Queridas personas:
Muchos años atrás, cuando vivía sola, una de las cosas que más me gustaba hacer era salir a pasear y pensar que en ese momento nadie en el mundo sabía dónde estaba. Claro que cualquier persona con acceso a los registros de mi móvil podría haberme ubicado pero, ¿quién iba a querer hacer eso? Esa era la otra cosa que me gustaba imaginar: resultaba razonable suponer que en ese preciso instante nadie estaba pensando en mí. Yo solo era un cuerpo borroso para los transeúntes que se cruzaban conmigo o, aún mejor, absolutamente nadie cuando la calle estaba vacía. Lo más parecido a no existir y al mismo tiempo ser lo único que existe. La única consciencia testigo de los edificios, del cielo, del asfalto, del entramado de sombras bajo los árboles, de la cortina que asoma en un balcón, de un trozo de nube que se deshilacha y no vuelve a ser más.
Eran momentos de sentirme inmensa y libre. Insignificante. Una pompa de jabón brillante y perfecta, a punto de desaparecer.

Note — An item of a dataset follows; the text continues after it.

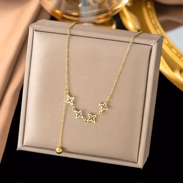 Ett lekfullt och stilrent halsband med fem små stjärnor i guldpläterat rostfritt stål. Den unika designen ger ett ungdomligt intryck och passar lika bra till vardags som till fest. Ett halsband som lyfter vilken outfit som helst med sin charm.

Escribir estas cartas me genera a veces lo contrario a esa sensación. Es un ejercicio de identidad que me pesa en ocasiones, se me indigesta esta primera persona que me ata al mundo. De repente me veo en la tesitura delirante de mandar un correo a quince mil personas para decirles que tengo la gripe. ¿Qué locura es esa? Sin embargo, otras veces encuentro en el texto la oportunidad perfecta para diluirme. No ser nadie salvo una imagen, un puñado de letras y enlaces. Es fácil de entender, pero difícil de explicar: cuando las personas logramos despojarnos de parte de nuestra identidad, podemos convertirnos para otros en un lugar, un paisaje, un refugio. Algo tan sencillo y tan extraordinario como un punto de vista.
Sé que me entendéis, aunque me tropiece una y otra vez con esta primera persona. Hoy hagamos como que no estoy aquí.